When you think about it, life in Malaysia is more peaceful, less violent than: Indonesia, Philippines and Thailand and more interesting than in Singapore, and it is more equitable than in Cambodia and Vietnam and perhaps even less corrupt than these countries.
This discussion in Siem Reap about Malaysia with my new friend from KL. Felt very good after the conversation, felt that someone had given me a gift to remove some conflicts whatever their origins in my mind.
As if the Indra with thunderbolt in his right band depicted at the gates of Bantey Srei temples in Angkor, something suddenly hit me, strongly, I felt a cloud of apprehension about Malaysia had lifted off my mind.
After this trip to Asia, I feel much more Whole than before. Some dark patches, mainly Brunei and Malaysia has been cleaned and now they shine. I have not changed. My heart is Parisian, My soul is Cuban. My passport is Australian. I am a Jew loyal to Israel. I am a medical anthropologist.
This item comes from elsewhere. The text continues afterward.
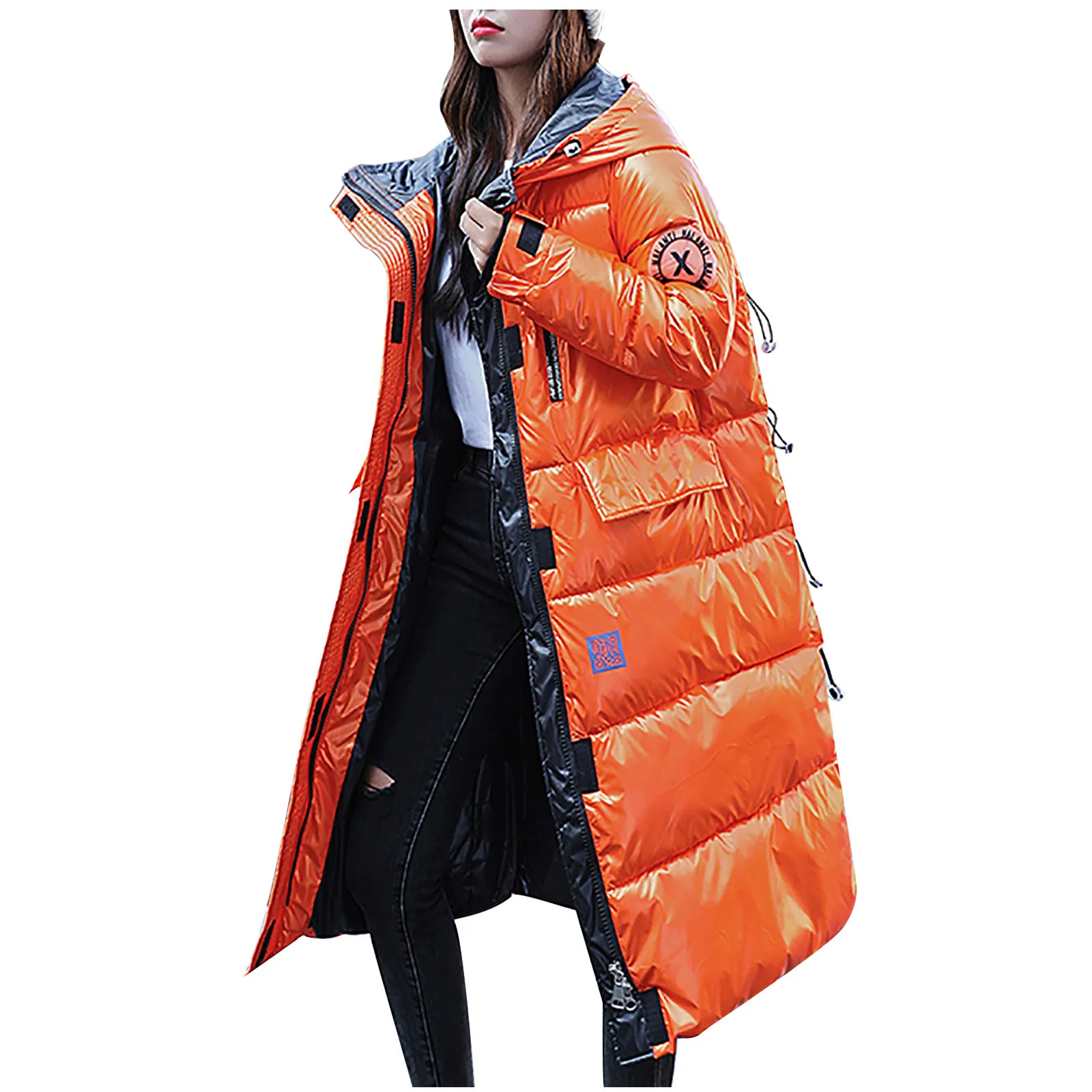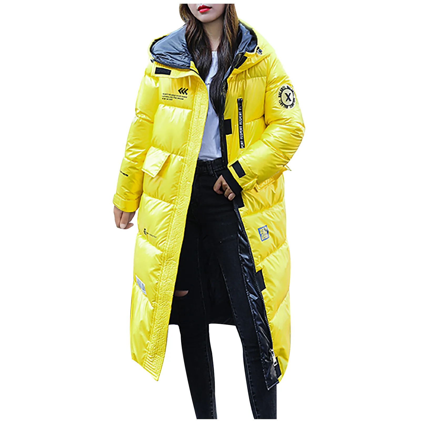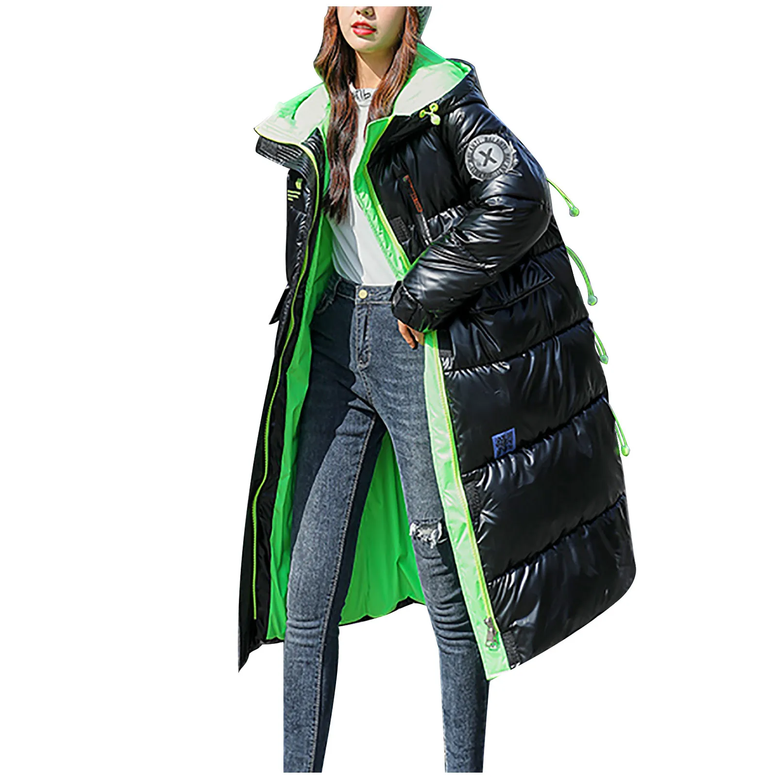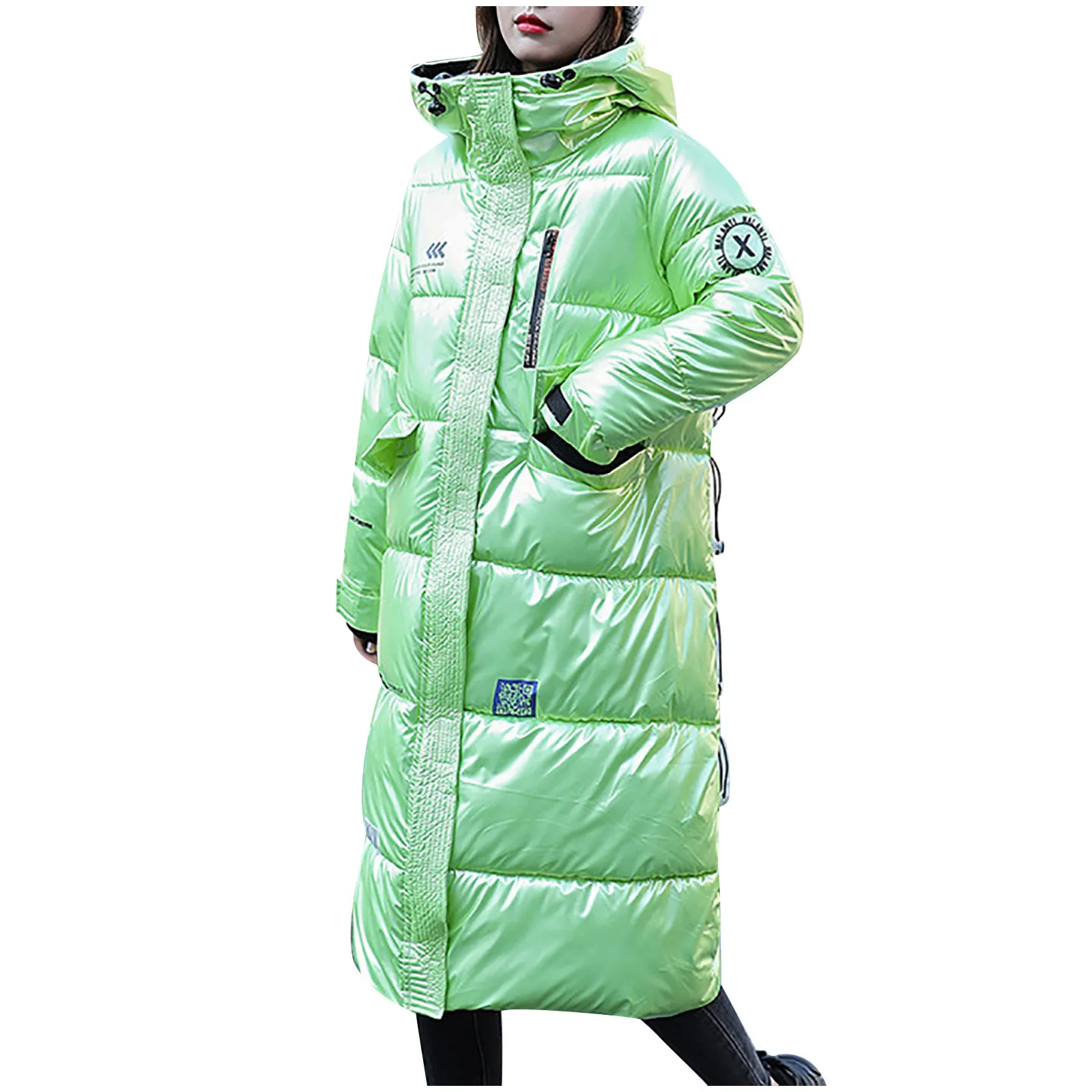 Женская зимняя модная блестящая длинная толстая стеганая куртка выше колена с капюшоном

Someone asked, what is medical anthropologist. For those interested, this is my reply:
Medical Anthropology is a mode of interpreting and analyzing, to assist social scientists and epidemiologists/medical doctors to focus “the diverted gaze of medicine to the body”, of anthropology to the rituals and symbolism, on Structural violence in societies, especially among those who are marginalized in those societies, to understand oppression and suffering in open or closed societies as a source of violence, and expressed as diseases in the body.
Travelling is definitely a part of this attempt to analyze, assist, the wider perspective than just the simple, selfish perspective of living or surviving, sobrevivir like we say in Cuba.
I am interested in Living and not Just surviving.. perhaps it is the luxury of our times.
Good night to all of us, as I write this sitting on a wooden cot, brought here by the hospitable Brahmin friend of mine from madras who met my incoming flight from Cambodia (via Kl, JHB and SIN) A little hungry, close to midnight, but no one had died just because they missed a meal, many meals missed would damage but one, in no way. I am sure my Brahmin friend will take me to a nice vegetarian restaurant with smiling Tamoul waiters tomorrow morning (which he did)
I complete this missive on 30 January surrounded by my new books from Premier Bookstore in Bangalore, at home in Paris.
I am content for more than one reason.
This trip, unstructured at the beginning, had been very meaningful.